Jude stood up and kicked something, sending it scuttling across the floor. He walked over and picked it up, then handed it to Skyler, who looked at it with amazement.

"This was Raisin's," Skyler exclaimed. "This was his toy soldier. He always carried it with him."

He put it in his pocket. Then he walked to the door.

"Let's go to the Big House," he said.

* * *

Riding the subway to her apartment on West Eighty-seventh Street, Tizzie was lost in thought. She wasn't especially proud to admit it, but she was turning out to be a good spy — rather, a good double spy, which was twice as hard. You had to be always thinking in two heads at the same time.

Uncle Henry had been impressed by her "report" of their trip to Arizona. She'd included enough true events — like their harrowing visit to the mine, the cave-in and Skyler's illness — to make it credible. But she had not, she hoped, given away anything of importance that could tip their hand. That meant walking a thin line indeed.

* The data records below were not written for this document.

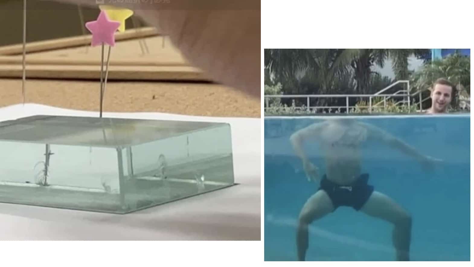 頭と首が分かれた!プールで体が分かれる驚きのトリック写真!(光の屈折)
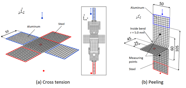 Simulation models for head and peel tensile test for a connection with flow drilling moulded screws (FDS)
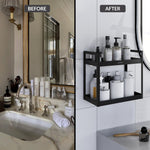 Plantex Deluxe 2 Tier Self Adhesive Bathroom Shelf Rack/Bathroom Organiser Without Drill/Bathroom Shelf Rack/Kitchen Stand Kitchen Multipurpose Shelf(Black, Powder Coated,GI Metal)
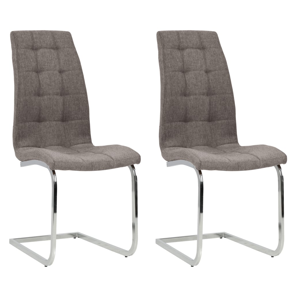 Dessa 2 fribärande matstolar har en chic och elegant design och blir en modern detalj i din inredning. Sitsen och ryggstödet är klädda i ett tåligt tyg och har en mjuk och bekväm skumstoppning. Den hållbara stålramen bidrar till stolarnas stabilitet och hållbarhet. Deras ergonomiska utformning ger dig optimal sittkomfort.
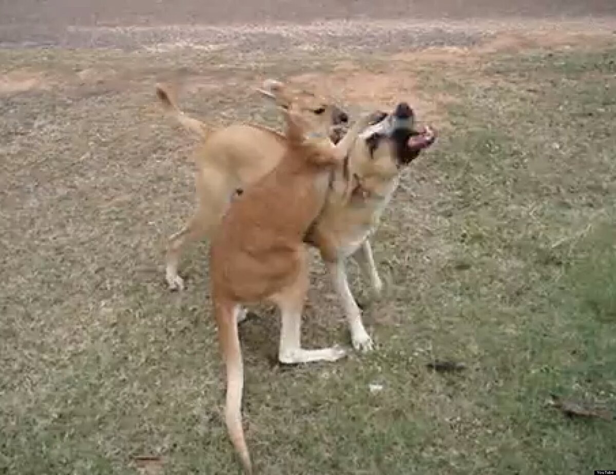 После того, как европейские поселенцы колонизировали Австралию, кенгуру так удачно вписались в новые условия жизни,что им сейчас не грозит исчезновение(в отличие от других сумчатых). Наоборот,после появления белых людей количество кенгуру значительно увеличилось. Сейчас это привело к тому,что их численность приходится регулировать, иначе они заполонят всё вокруг. Поэтому охота на этих зверей в Австралии разрешена. Кенгуру так много,что переодически происходят стычки между ними и домашними собаками. Нужно отметить ,что рыжий кенгуру достаточно силён,чтобы убить пса. С другой стороны обученные охотничьи собаки вполне в состоянии справиться с такой добычей( особенно если охотятся группой). Но беда в том,что с собаками на кенгуру охотятся далеко не все,и порой домашнего любимца приходится спасать Но даже против охотничьих собак у кенгуру есть своя хитрая тактика,Что удивительно, ведь интеллект собаки гораздо сильнее развит,чем кенгуриный. По-крайней мере, так говорят биологи. Но по
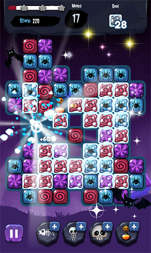 一款令人上瘾的万圣节主题益智三消游戏,包含丰富的万圣节元素和不同级别的关卡,喜欢三消游戏的玩家快快下载吧!
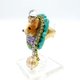 柯基哥基狗头缀水晶宝石装饰皇冠吊水晶珠 鲜薄荷绿花边黄铜戒指
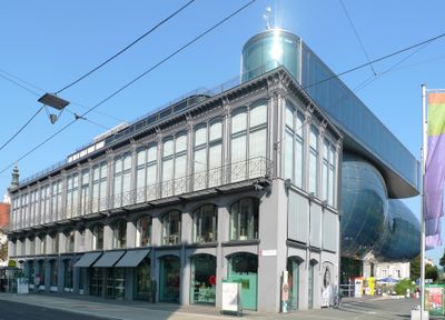 Das Eisernes Haus ist ein Gebäude in Graz mit einem innovativen Stahlrahmen in den Obergeschossen, während die unteren Etagen aus traditionellem Mauerwerk bestehen. Die Struktur zeigt den Übergang von klassischen zu modernen Bautechniken des 19. Jahrhunderts.
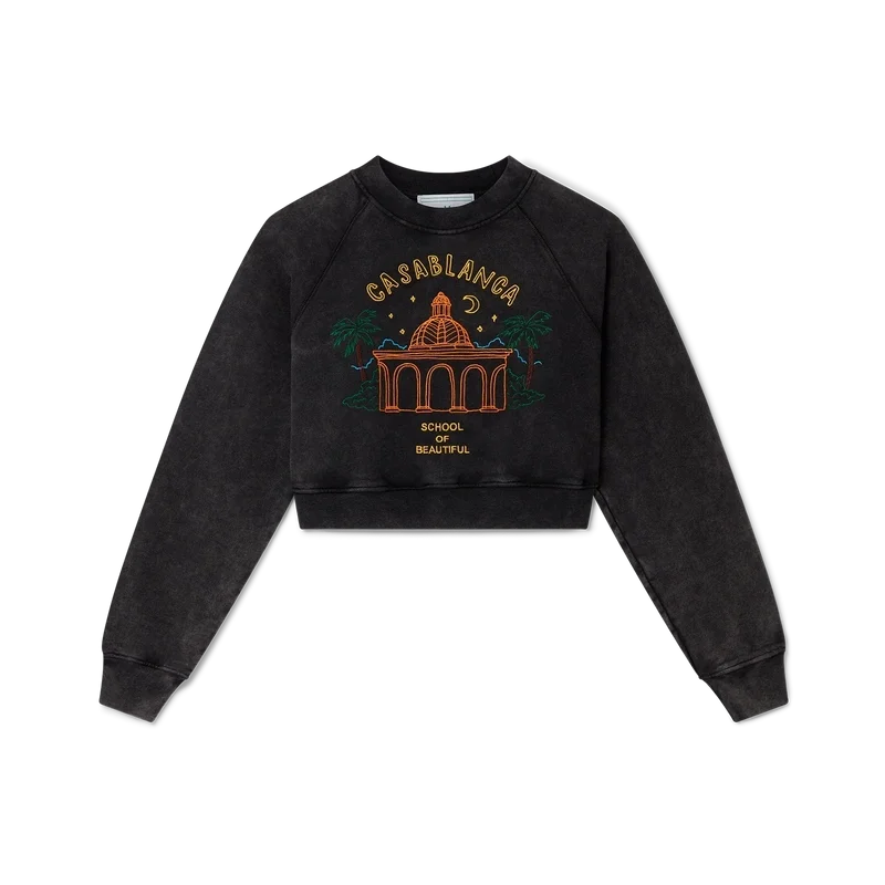 Das School of Beautiful Cropped Sweatshirt ist ein Sweatshirt aus verblasstem schwarzem Jersey mit einer Stickerei auf der Brust. Das Sweatshirt besteht aus 100 % schwarzer Bio-Baumwolle und ist ein klassisches Modell mit Rundhalsausschnitt, langen Ärmeln und einem verkürzten Schnitt, der über dem Bauchnabel endet.
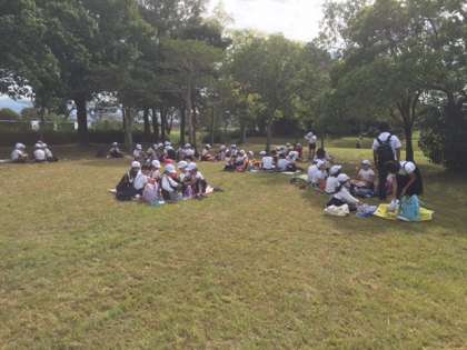 楽しいお弁当タイムも終わり、広々とした場所で虫取りやおにごっこなど、思い思いに楽しんでいます。(12時50分現在)
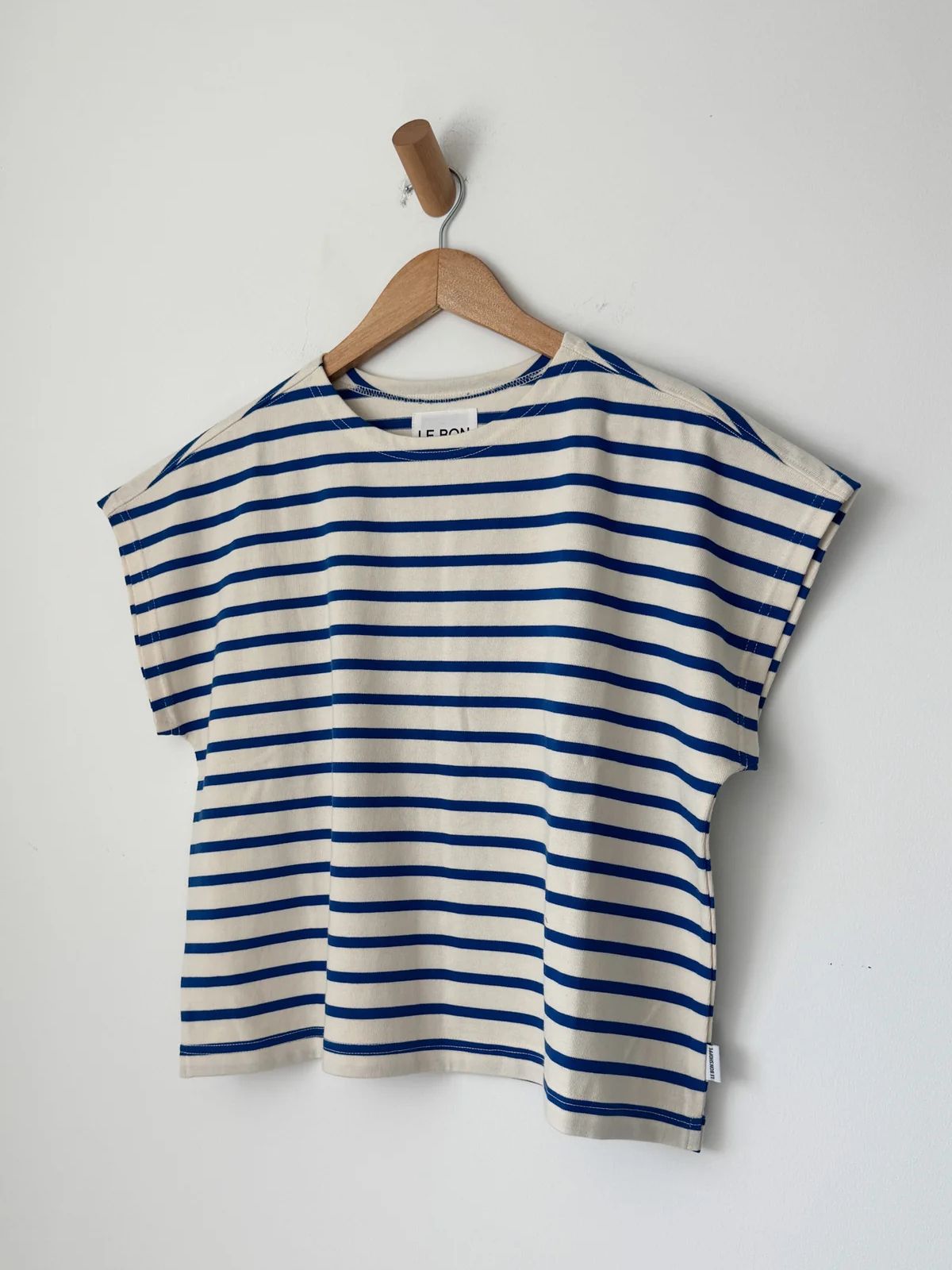 The Manon Stripe T-Shirt in Blue offers a refined take on a classic, featuring cap sleeves and a cropped fit. Crafted from heavyweight cotton, it maintains a structured yet soft feel, highlighted by elegant Parisian stripes. This timeless piece blends effortless style with lasting comfort.
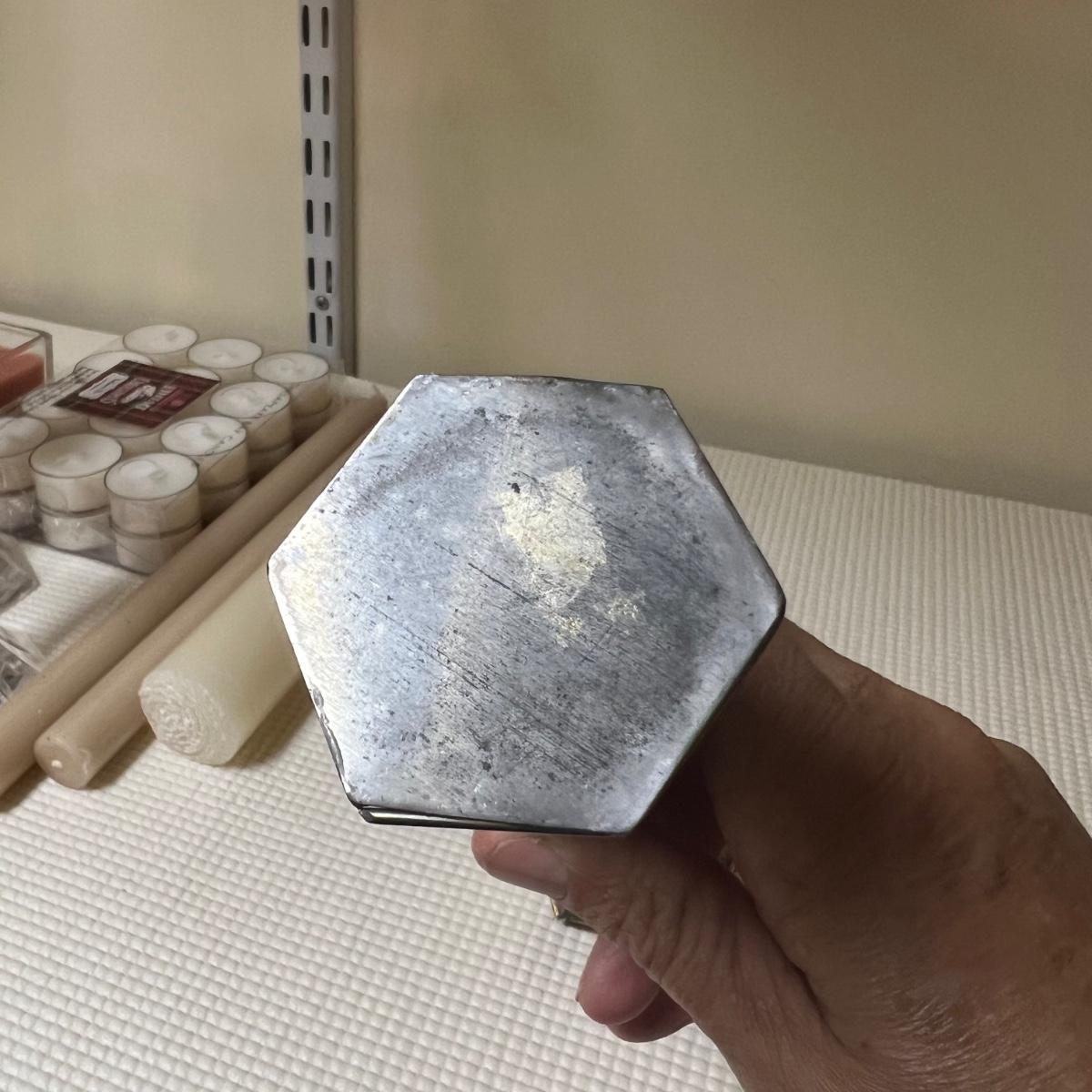 Large yellow four wick candle measures 3” x 12” x 3”H.

For example: should she include the car chase from the roadhouse? It depended upon who she thought had been chasing them. If it turned out to be enforcers from the Lab and she omitted the chase — such a dramatic occurrence — then Uncle Henry would know she was duplicitous and never trust her again. But if the villains were some renegade FBI men — and happily she had talked to Jude since his near encounter with Raymond at the Hoover Building — then including it might be giving Uncle Henry some useful information. Why should he know about the FBI's involvement? Or if he already knows, why should he know that they know? Wheels within wheels.

Finally, she had left the incident out. And Uncle Henry, as far as she could tell, didn't seem the wiser. That, in turn, told her something — namely, that Uncle Henry hadn't in fact known about the car chase, which helped point the finger of suspicion away from the Lab. On such crumbs do double spies build their edifices of knowledge.

Certain things she never wrote about. Where Jude and Skyler were staying, for instance, or what their immediate plans were. They were too afraid of phone taps to talk about such matters, she explained. Another area that she shied away from — despite urging to the contrary from Uncle Henry — was her emotional life. He seemed to want to know a great deal about her feelings for Jude and for Skyler. But this was the last thing she wanted to put on paper. Partly, the reluctance came because she was revolted at the thought of that man poring over her innermost secrets, partly because she knew him well enough to fear what he might do with the information, and partly because she herself was confused about what she was feeling.

Her goal now was to turn active. She needed to move from information collection to operations. Uncle Henry had talked about research. That's what she wanted to do, and she had been pestering him to do it. She needed to find out about her mother's death and about her father's illness. If they were truly working on a vaccination, then she wanted to be part of that effort. He was right — she was good at it. And as any scientist knows, you can't come up with a vaccine unless you know what disease you're fighting. Maybe she could finally get some answers. And maybe those answers would help Skyler and Jude.